Through the slanting rain, I admire the multiple facial piercings of the official starter and begin to warm to the action. Still no luck on the punting front, however.
We throw our last fivers at a doomed reverse forecast and head for the exit and a walk back to town necessitated by the lack of bus fare. There, we find a precinct deserted by all but those people who have just been thrown out of wherever they've been drinking: lurching young men in designer casuals and tottering young women in skirts that would make your average Scouse girl look like Julie Andrews.
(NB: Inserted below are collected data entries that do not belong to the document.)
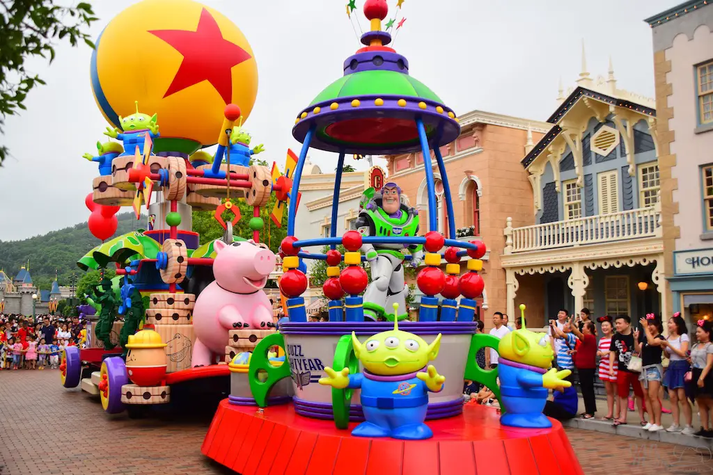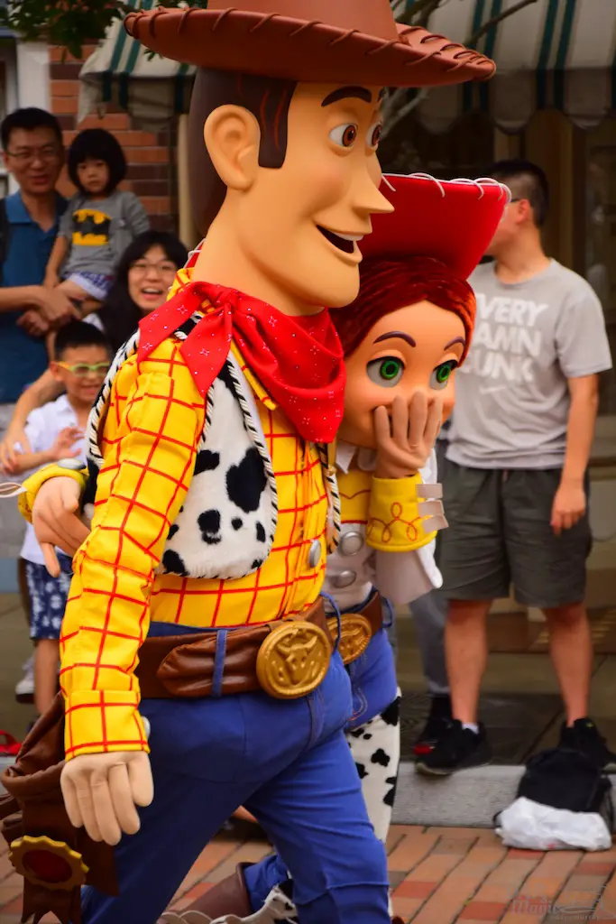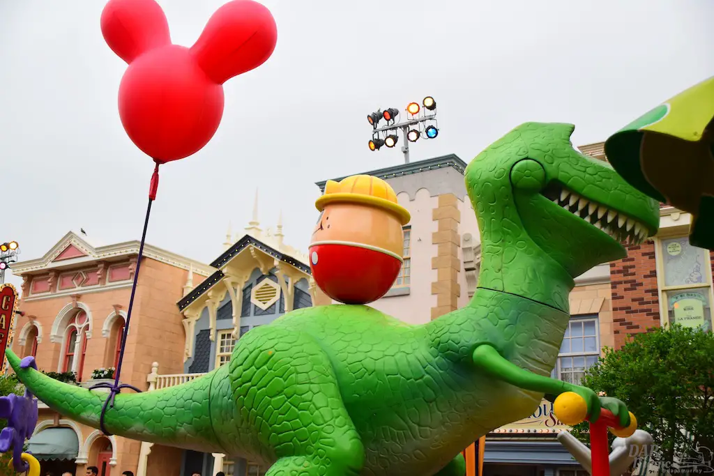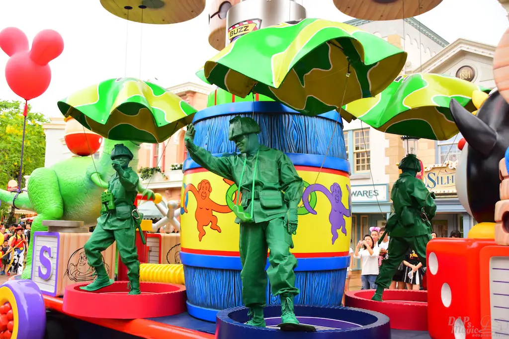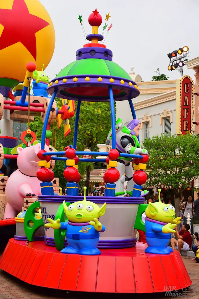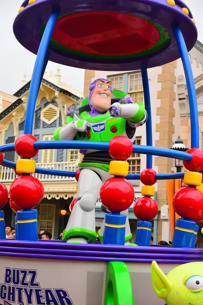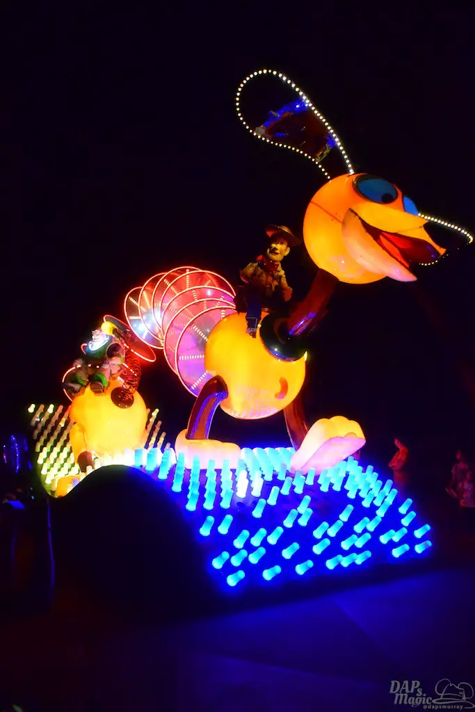 Finishing the parade is a Toy Story unit with Buzz in front in a space themed barge. Woody and Jessie are out front walking along the parade journey. Many of the other Toy Story favorites are in this section, with many toy props.
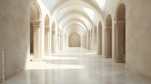 Fototapeta premium Sunlit arched hallway with marble floor and columns.
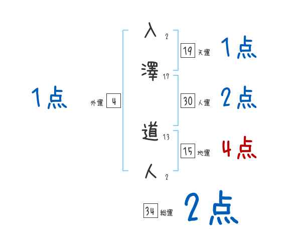 天運![]() | 入澤道人さんの天運は19画の1つ星!優れた才能を持ちますが、協調性が足りないことも。周りの人と協力する事を意識しましょう。 家系が持つ宿命的な運勢を表します。祖先から受け継いだ苗字ですので自分の力が及びません。家柄を象徴します。 |

I reckon if we steer a course in the opposite direction, we could find another half a dozen decent pubs, but promising-looking restaurants are thin on the ground and we end up surveying takeaway menus back at the Holiday Inn, thanks to the lack of late-night vittals on site. Thank the lord we had a tasty, hot pork bap at the Great Western.
I think I've had enough of Wolverhampton by now. It's not really a city, no matter what the signs say, and it could do with more than a lick of paint to cure its problems, but I've already proved it's possible to spend 36 hours there without losing the will to live. Nice people always help in that respect, and we met plenty.
And, let's face it, any place that has horseracing, Premier League football, dog racing, speedway, a top-five pub, several other top pubs, Batham's and Banks's, the world's best curry and a mean bag of pork scratchings, well, it can't be all bad.